Shepard (p. 324) points out that after President Nixon declared the war on drugs and banned drugs such as cocaine, marijuana, heroin and amphetamines, the US government uses 2/3rd of the federal budget on enforcing drug control policies. By 2002, the government had spent 12 billion USD and arrested 2 million offenders, increasing the penalties. The disproportionate allotment of budget has neither reduced drug trafficking nor drug consumption while budgets for other services such as the National Research Council have been curtailed and the government cannot perform a cost benefit analysis of the spending. To correlate their data and findings, the authors have used different econometric models such as the microeconomic analysis of crime control and drug policies (p. 328).
Main body
These econometric models were applied to a crimes variables such as assault, robbery, burglary, larceny, hard drug sales, hard drug possession, marijuana sales and were measured on a scale of 1000 arrests per variable. For better correlation, the variables were measured along with the unemployment rate percentage and population density to obtain the sample mean and standard deviation. The data reveled crimes that occurred more frequently and after applying the fixed effects models, a pattern emerged. According to Shepard (p. 337), crime rate fell when unemployment percentages were reduced but there were no determinants to show that crimes reduced because of increase in the number of arrests. The authors conclude that there has to be more funding for research into effectiveness of law enforcement policies.
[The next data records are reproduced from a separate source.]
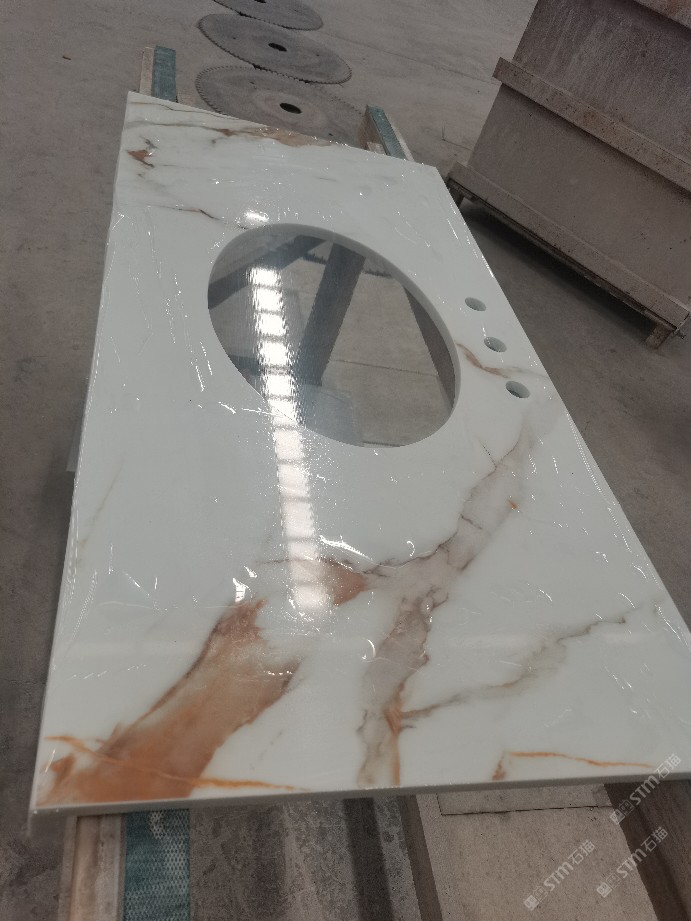 工程圓柱純白魚肚白微晶石臺面13489877536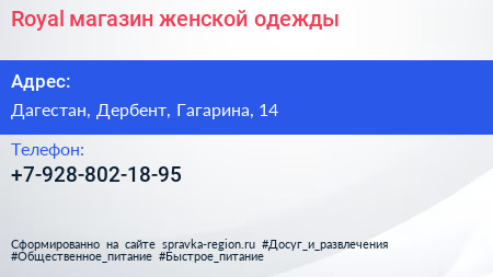 Royal, магазин женской одежды по адресу Дагестан, Дербент, Гагарина, 14 в дальнейшем Организация, размещена в следующих категориях: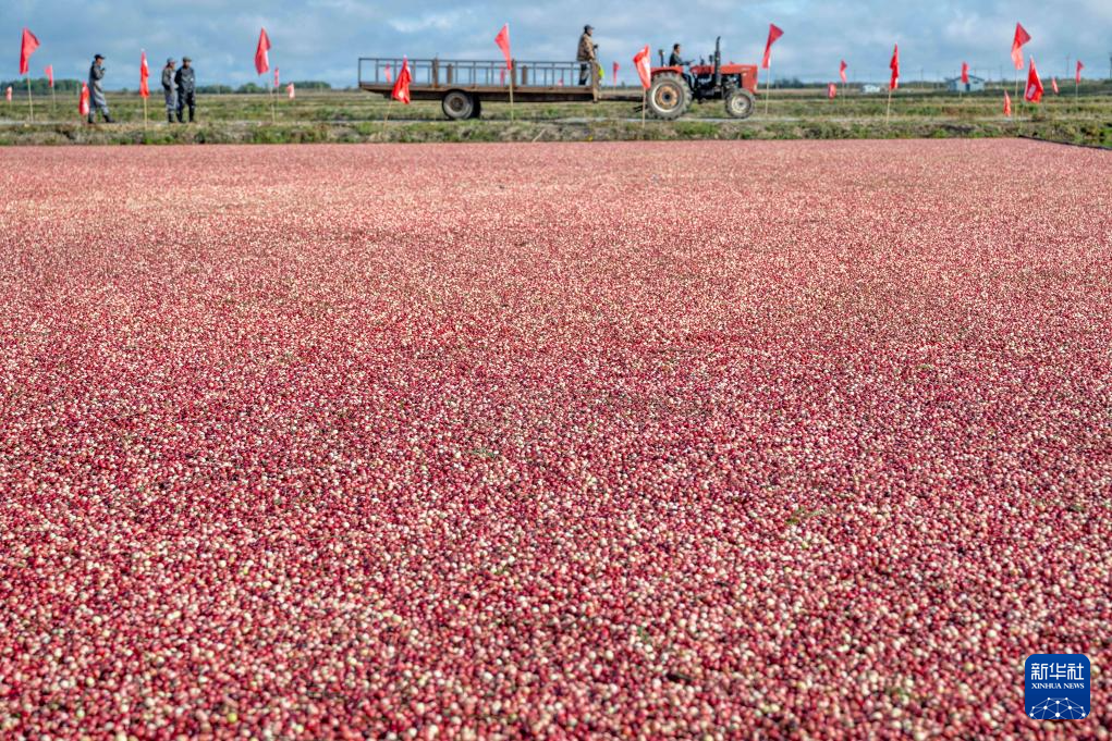 9月21日,“庆农业丰收 享美好生活”蔓越莓丰收节在我国“东极”黑龙江抚远市举行,4200亩的抚远市蔓越莓种植基地迎来采收季。

A report by the National Research Council (NAS, 29 March, 2001), laments the same problem about insufficient allotment of budget for research into effectiveness of policy enforcement. According to the report, the country does not have the required data system and the infrastructure to carry out research to find out how effective drug control and enforcement policies have been. The system seems to be blindly allotting budget and there is no o find if money is being used by agencies that need it the most. Moreover, there is no effort to reduce consumption of drugs, find out why people take to drugs, and understand the social forces that make people take up such habits. There is also very little effort to understand how the drugs supply chain operates and how much drugs are actually consumed. Law enforcement agencies only rely on the seized quantities and there is no reliable estimate on how much contraband enters the market undetected.
Conclusion
A reading of the two texts shows that US law enforcement agencies are more interested in punishing the offenders rather than preventing the need for such crimes. With high allocation of budget for law enforcers, there is little research done to find out how effective the crime fighters are. The whole approach seems intent on deterrence rather than prevention and urgent reforms are needed in the way the policies are framed, implemented and reviewed by the senate. This does not mean that law enforcers should stop arresting offenders or that they are not efficient. The two articles just point out the need to urgently shift the perspective to meet the objective of reducing drug consumption and not increasing arrests.
References
NAS, 2001. Data Sorely Lacking on Effectiveness of Nation’s Drug-Enforcement Programs.
Shepard,Edward, M. Drug Enforcement and Crime: Recent Evidence from New York State: Southwestern Social Science Association. Social Science Quarterly. Volume 86, Number 2, 2005.